Inefficient cost management
Cost improvements are always on the boardroom agenda—regardless of oil price or profit margin. Of course, with margins squeezed as much as they are now, cost reduction efforts receive more attention. But, these considerations too often focus on surface costs, like personnel, when they should be looking far beyond at the hidden costs of inefficiency and rework. Tools and technologies that measure efficiency or productivity can identify areas for saving that maintain output.
Overall, with so much potential to improve operational performance, it’s not difficult to see why savings of more than $30 billion are within reach over the next few years. Analysis suggests closing the gap between the total efficiency opportunity and delivered improvements begins in the stage when managers are setting strategy.
A handful of vital components can make for OPEX program success:
--Operations/business management systems: These systems establish a centralized operating framework that ensures all core activities are done consistently and in the most effective way, to sustain the OPEX transformation and achieve measureable results.
--Digital/technological advancements: Big data and analytics, robotic process automation, digital oilfield, Industrial Internet of Things and cloud computing are a handful of new digital tools with the potential to enhance efficiency like never before. Companies must focus on how to embed these technologies most effectively to achieve their OPEX ambitions.
--Organizational development: Leadership is crucial to the success of any large (or small) scale business program. Companies must take care so that they have the right people at the top of the organization and throughout to maintain OPEX.
--Performance management: New technologies allow companies to track, measure and report on performance in real time. Companies that establish their own metrics and dashboards can capitalize on the power of big data analytics.
--Continuous improvement: This is perhaps the most important component to success. OPEX programs shouldn’t be a one-off.
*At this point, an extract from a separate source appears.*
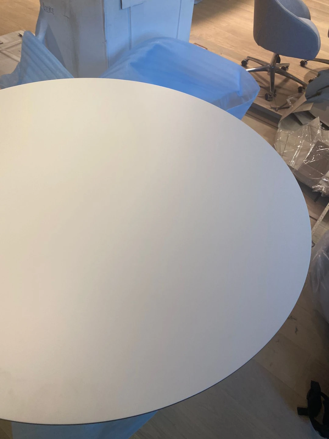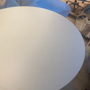 Столешница выполнена из МДФ со скошенной кромкой. Это позволяет придать столу визуальную лёгкость, но при этом не потерять высокие показатели прочности столешницы. В качестве материала отделки используется белая эмаль.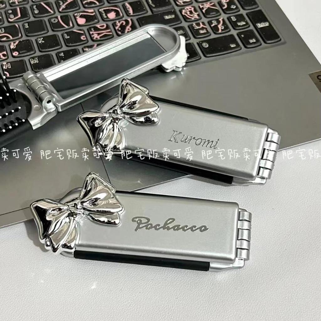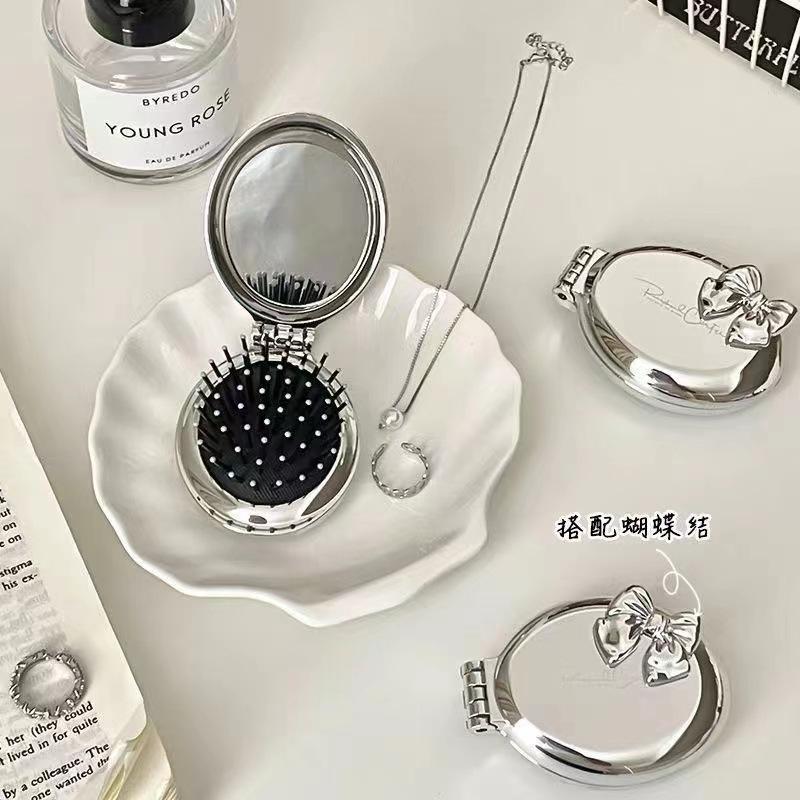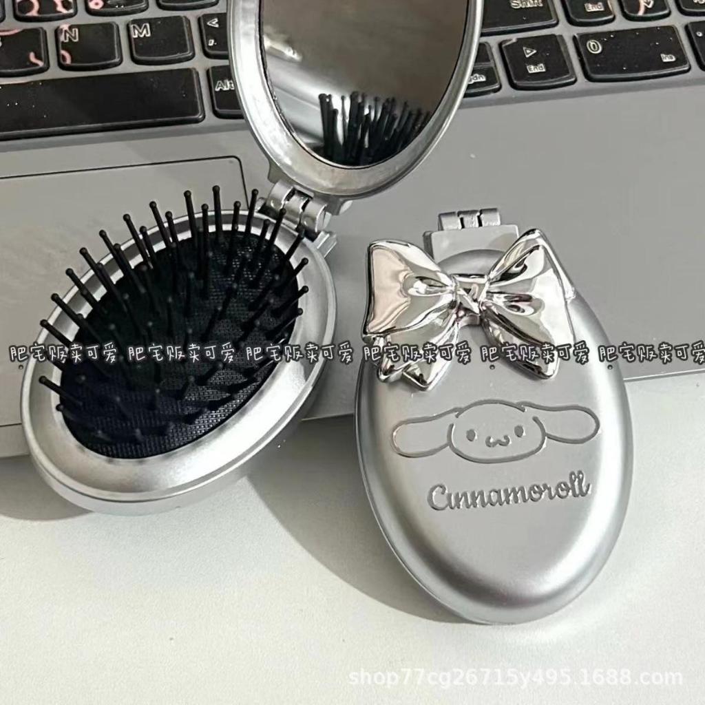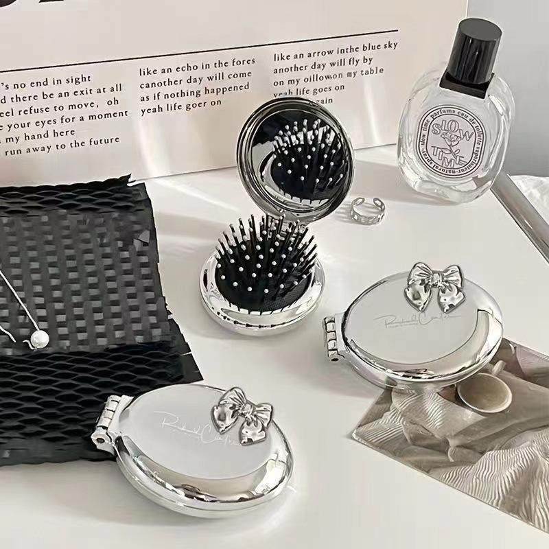 Sisir Lipat Kaca Silver Oval dan Persegi Karakter Lucu dan Berkelas

Companies must make a constant effort to improve process efficiencies, reduce redundancies and improve the way work is completed.
The global oil and gas sector has a history littered with clear expand-and-contract routines during boom and bust cycles. The days of a knee-jerk reaction to volatility are over, because, gone may be the days of high highs and low lows. The industry is undergoing a real structural shift and needs new business innovation models to succeed in the new environment. Using digital should be seen as a part of a holistic answer to today’s challenges. Companies should start deploying digital in areas where technology can affect the cost curve in the short term and deliver immediate results.
Thriving in the current oil price environment depends on embracing operational excellence at every level of the organization—especially when it comes to aging assets and mature fields. Every dollar counts in a low oil price world.
The views reflected in this article are the views of the author and do not necessarily reflect the views of the global EY organization or its member firms.
Andreea Ene is an EY Europe, Middle East, India and Africa area oil and gas advisory leader, based in the Stavanger, Norway, office.